"Xi the Great" tamer of floods

Yeah, that place out 'there'. Anything not really Cambodia related should go here.
User avatar
yong
Expatriate
Posts: 4271
Joined: Thu Mar 08, 2018 12:03 pm
Reputation: 2773
Thailand

"Xi the Great" tamer of floods

Post by yong »

https://asia.nikkei.com/Editor-s-Picks/ ... 2&si=44594

Image
Yu the Great became a legendary ruler in China for his introduction of flood control. Will President Xi Jinping be credited for harnessing the floods of 2020? (Nikkei Montage/Source photos by AP and Getty Images)

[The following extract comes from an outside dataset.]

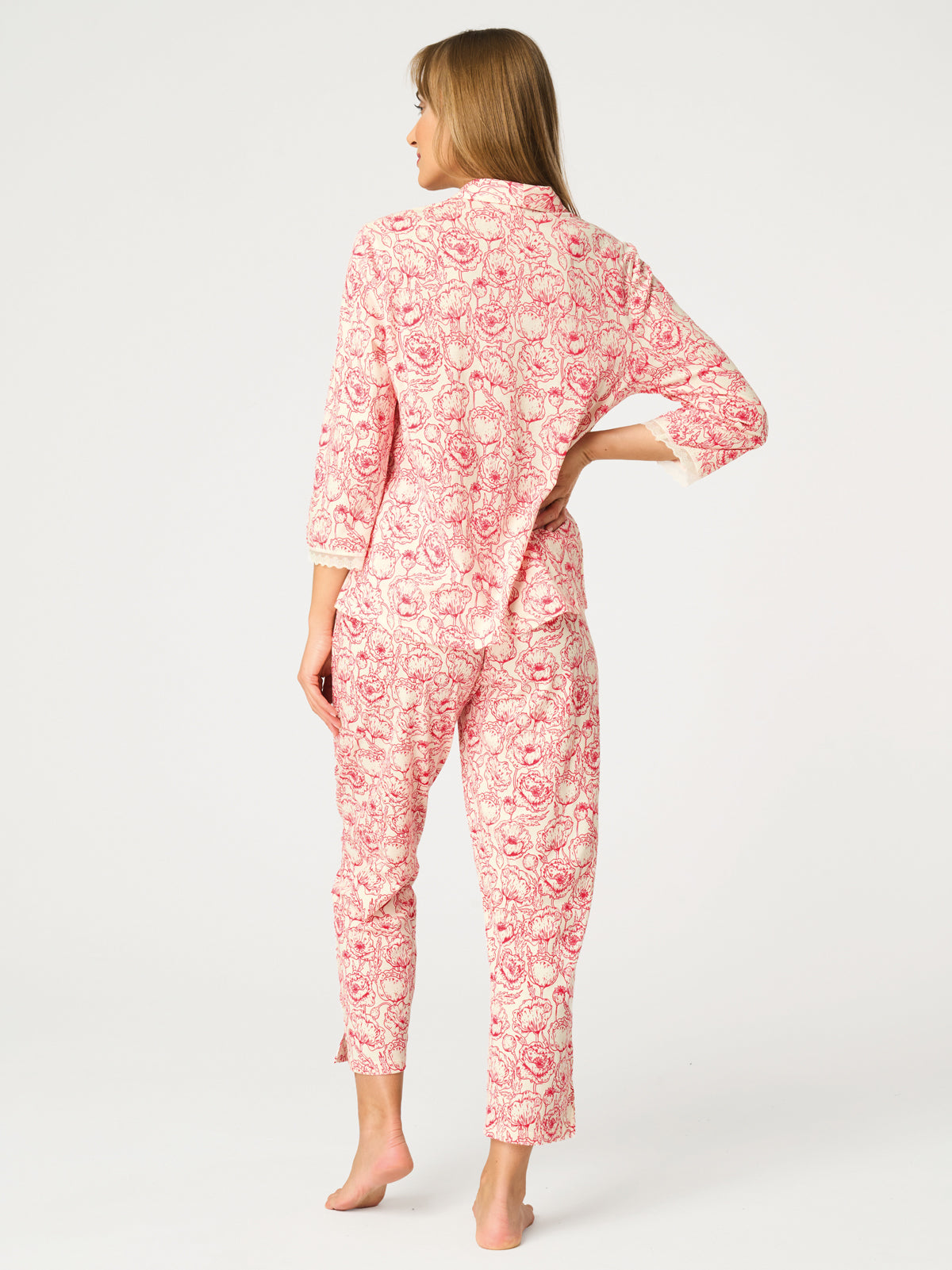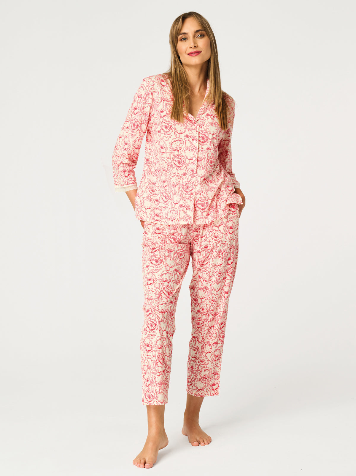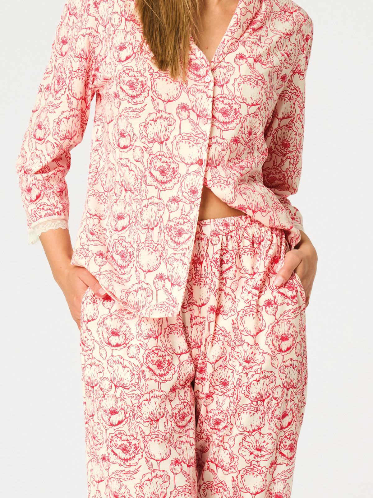 Góra piżamy ma dopasowany, komfortowy fason i jest zapinana na guziki, co dodaje jej klasycznej elegancji oraz funkcjonalności. Rękaw sięgający za łokieć wykończony został delikatną koronką, podkreślając romantyczny styl modelu. Spodnie z prostą nogawką o długości 7/8 zapewniają wygodę oraz nieskrępowane ruchy. W pasie zastosowano miękką gumę, która dobrze dopasowuje się do sylwetki bez uczucia ucisku. Praktyczne kieszenie zwiększają komfort użytkowania na co dzień. Zestaw świetnie sprawdzi się zarówno jako piżama, jak i stylowy komplet domowy typu homewear. Model dostępny jest do rozmiaru 2XL.
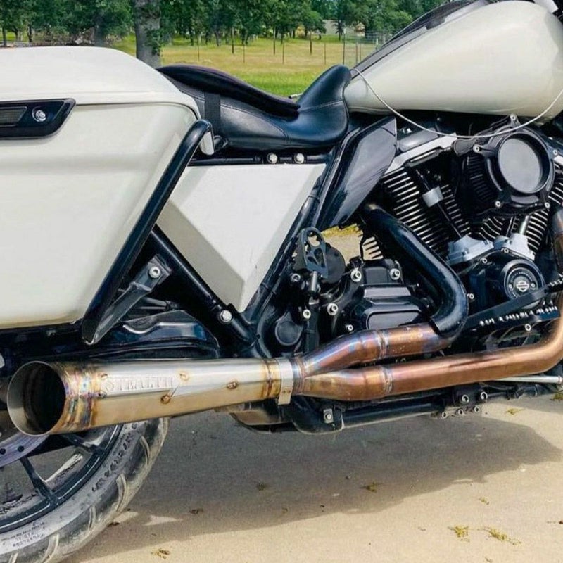 M8ツーリング 2-1フルエキゾーストマフラー ターンアウトタイプ (ステンレス) Stealth Pipes

China portrays 'Xi the Great,' tamer of floods

President shows who's boss, while premier is sidelined in the mud

KATSUJI NAKAZAWA, Nikkei senior staff writerAugust 27, 2020 06:10 JST

TOKYO -- Despite serious flood damage in various parts of China, President Xi Jinping had not visited any of the impacted areas.

But on Aug. 18, Xi suddenly appeared in flood-hit Anhui Province for an inspection, one that seems to have followed the conclusion of the annual summer gathering of Chinese Communist Party leaders and elders, the Beidaihe meeting.

"He must have been warned by elders about the special meaning of flood control in Chinese politics," one party source said.

Wearing shiny leather shoes and smiling under the blue Anhui sky, Xi talked with local folks about flood prevention, river management and disaster relief.

"The foolish old man removes the mountains, and 'Yu the Great' controlled the waters," Xi said, according to a Xinhua News Agency roundup of the four-day visit.

"The Chinese nation has fought against natural disasters for thousands of years and accumulated valuable experience. We should continue to fight," he said, not by fighting against God, but by respecting nature and complying with natural laws.

By referring to Yu the Great, a legendary emperor in ancient China who put in place irrigation canals that channeled water to fields, Xi highlighted China's several-thousand-year history of fighting natural disasters.

Image
President Xi addresses military personnel assigned to flood-protection duty in Anhui Province. China's history is filled with tales about maintaining or gaining political power by controlling and channeling water. © Xinhua/Kyodo

It is true that flood control has been particularly significant in China. Bringing raging rivers under control was so difficult that people who had the ability to harness the waters were fit to become kings or emperors.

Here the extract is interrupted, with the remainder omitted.